-- Data for the task follows --

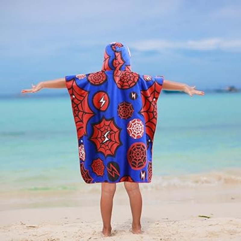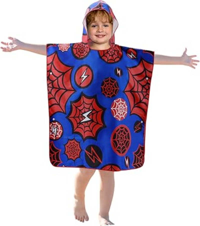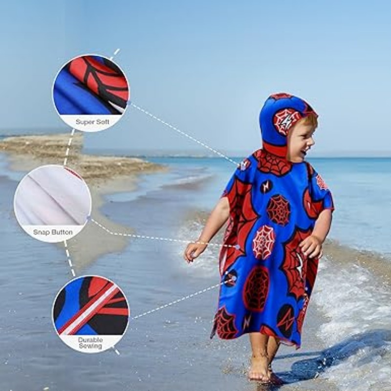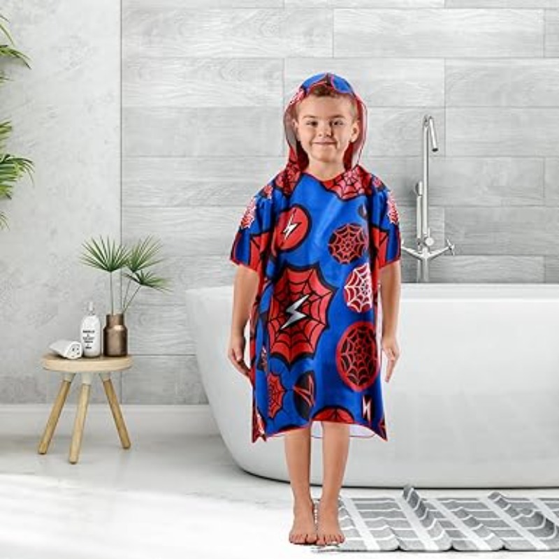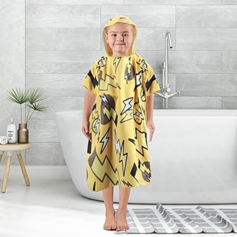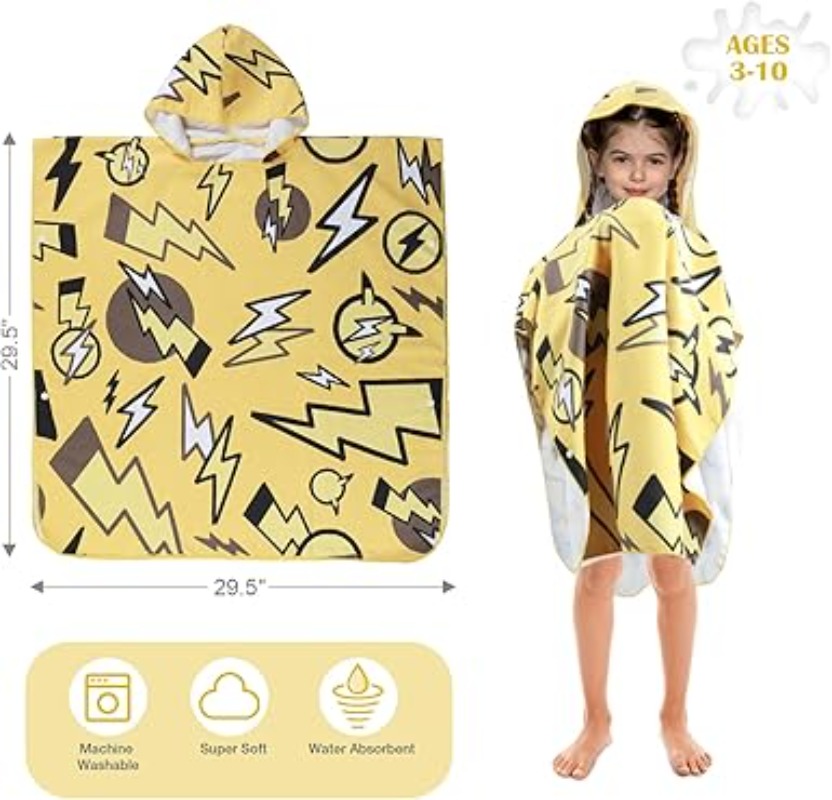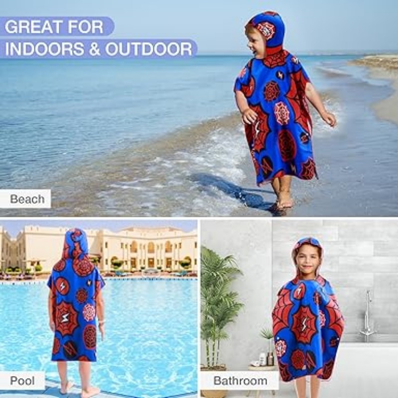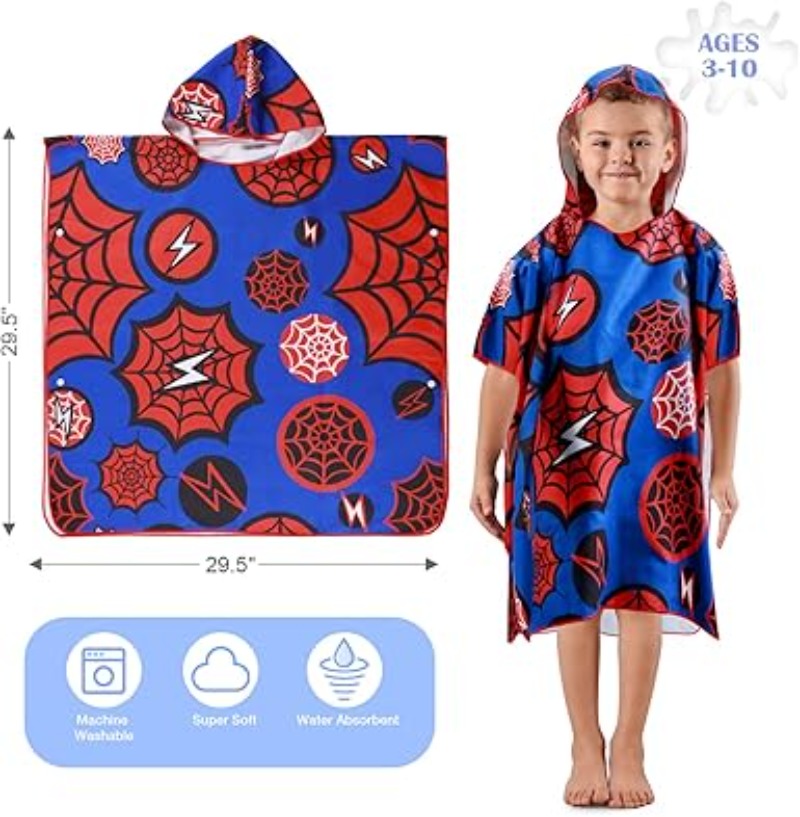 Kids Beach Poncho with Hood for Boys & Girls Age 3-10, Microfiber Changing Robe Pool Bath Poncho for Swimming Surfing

-- Data for the task concluded --
-- Data for the task follows --

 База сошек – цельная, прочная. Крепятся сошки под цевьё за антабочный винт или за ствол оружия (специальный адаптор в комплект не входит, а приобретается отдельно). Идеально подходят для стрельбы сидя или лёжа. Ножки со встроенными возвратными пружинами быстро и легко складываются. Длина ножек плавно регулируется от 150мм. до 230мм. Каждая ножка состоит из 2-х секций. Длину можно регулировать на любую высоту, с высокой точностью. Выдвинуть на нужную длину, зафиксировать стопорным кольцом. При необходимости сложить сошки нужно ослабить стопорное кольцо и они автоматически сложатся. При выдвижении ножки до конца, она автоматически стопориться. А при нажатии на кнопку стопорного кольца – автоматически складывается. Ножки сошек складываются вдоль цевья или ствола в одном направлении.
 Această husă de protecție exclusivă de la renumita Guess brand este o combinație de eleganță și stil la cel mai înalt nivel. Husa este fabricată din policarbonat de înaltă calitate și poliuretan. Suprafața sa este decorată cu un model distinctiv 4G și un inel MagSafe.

-- Data for the task concluded --

Going back to the entries above, set down exactly the lines that begin at the one with "База сошек –" and end at the one with "Această husă de", both included, and nothing else.

▸ Your response
 База сошек – цельная, прочная. Крепятся сошки под цевьё за антабочный винт или за ствол оружия (специальный адаптор в комплект не входит, а приобретается отдельно). Идеально подходят для стрельбы сидя или лёжа. Ножки со встроенными возвратными пружинами быстро и легко складываются. Длина ножек плавно регулируется от 150мм. до 230мм. Каждая ножка состоит из 2-х секций. Длину можно регулировать на любую высоту, с высокой точностью. Выдвинуть на нужную длину, зафиксировать стопорным кольцом. При необходимости сложить сошки нужно ослабить стопорное кольцо и они автоматически сложатся. При выдвижении ножки до конца, она автоматически стопориться. А при нажатии на кнопку стопорного кольца – автоматически складывается. Ножки сошек складываются вдоль цевья или ствола в одном направлении.
 Această husă de protecție exclusivă de la renumita Guess brand este o combinație de eleganță și stil la cel mai înalt nivel. Husa este fabricată din policarbonat de înaltă calitate și poliuretan. Suprafața sa este decorată cu un model distinctiv 4G și un inel MagSafe.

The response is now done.